To best understand what has happened to the San Francisco Giants, one must first decide whether or not they have abandoned hope, or just energy.
I mean, that is the new kneejerk position based on losing 18 of 22 games this month by an average margin of more than a run and a half per game, losing to the Phillies, Royals, Braves and Mets, falling five games behind the San Diego Padres and eight games behind the non-noisy neighbors in Oakland, and since the All-Star Break last year, they are 57-93, the equivalent of the third-worst record in franchise history.
Really, to see a happy thing in this team other than Buster Posey is an act of rankest delusion. What hope would you expend on this team?
But there’s a new element involved now, if you take Ken Rosenthal’s report for FoxSports.com on the team’s internal crises at face value.
Apparently the Giants are boring their own management.
According to Rosenthal, the almost stultifying quiet of the clubhouse has become a concern to general manager Bobby Evans and perhaps even to those to whom he reports.
In citing the contributions of such ‘edgy” personalities as Pat Burrell, Cody Ross and Aubrey Huff in 2010, Hunter Pence in ’12 and Pence, Michael Morse and Pablo Sandoval (huh?) in ’14, Rosenthal suggested that the team is too staid – something that winning 38 percent of your games for an entire calendar year will do to you.
“I don’t think I can be definitive in my answers,” Evans was quoted by Rosenthal as saying, “but it’s not lost on us that we’re maybe a little quieter clubhouse than we’ve been in the past. I can’t answer that as being a factor or not.” He then followed up with the always circuitous they’d-be-louder-if-we-weren’t-such-a-tedious-watch argument, which seems self-evident but can’t really be proven one way or another.
But Rosenthal also credited “some with the Giants” as suggesting that the team even misses Angel Pagan, who allegedly help unite the clubhouse because so few of them liked him.
And now we’ve hit the motherlode of bizarre excuses. Angel Pagan is hurting the Giants far more by leaving them than by being with them. And this is, if you’ll pardon the expression, richly stupid.
Not Rosenthal, whom we can presume did his usual diligent work and correctly quoted “some with.” No, our problem is with the thinking that inspired “some with,” because you have to go a long way to make that explanation stick.
The Giants are playing terribly because, well, they are. Their pitching, which has to be in the top sixth of the league for this plan to work, is below average in many of the important metrics. Their offense is horrendous. Their outfield is a disaster. They are 27-51 purely on the merits.
That they are also boring is coincidence rather than causation, because nobody said they were boring after the All-Star Break last year, and nobody accused them of being boring in Game 4 of the National League Division Series with Chicago.
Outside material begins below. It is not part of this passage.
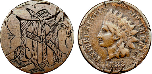1882 1c US Indian Cent Love Token Engraved – JAK

Boring is what you seize on when every other excuse, including the Mark Melancon-doesn’t-stretch-when-he’s-supposed-to straw man Rosenthal also threw up for chewing.
The truth is this, as much as anything. They are bad. They didn’t think they would be bad. They thought the second half of last year was an aberration rather than a harbinger, and they thought they could have gone to the World Series but for one hideous inning. And they are apparently shocked by this for some reason.
So, are they moping, or are they quitting? Do they need a clubhouse visit from Brian Sabean at his most pissed? What’s the thing that makes them fun guys again – other than, say, a five-way trade that gets them Bryce Harper, Mike Trout, Cody Bellinger and Nolan Arenado?
Because there’s your problem. Yes, they certainly are boring – downright stultifying, in fact. But this is not a chicken-and-egg discussion. They’re boring because they’ve been brutal, because they were slow to address their needs after misdiagnosing their problems, and because all their calculations from years gone by have gone badly wrong.
But if you really think boring is the issue, let’s have Bruce Bochy dress in a clown suit and Pence play outfield in just a sliding pants and a derby, and have one inning per game designated as the Wild Dingo Surprise Inning, in which wild dingoes are loosed upon the field to terrorize the players and/or fans.
See how many wins you get then.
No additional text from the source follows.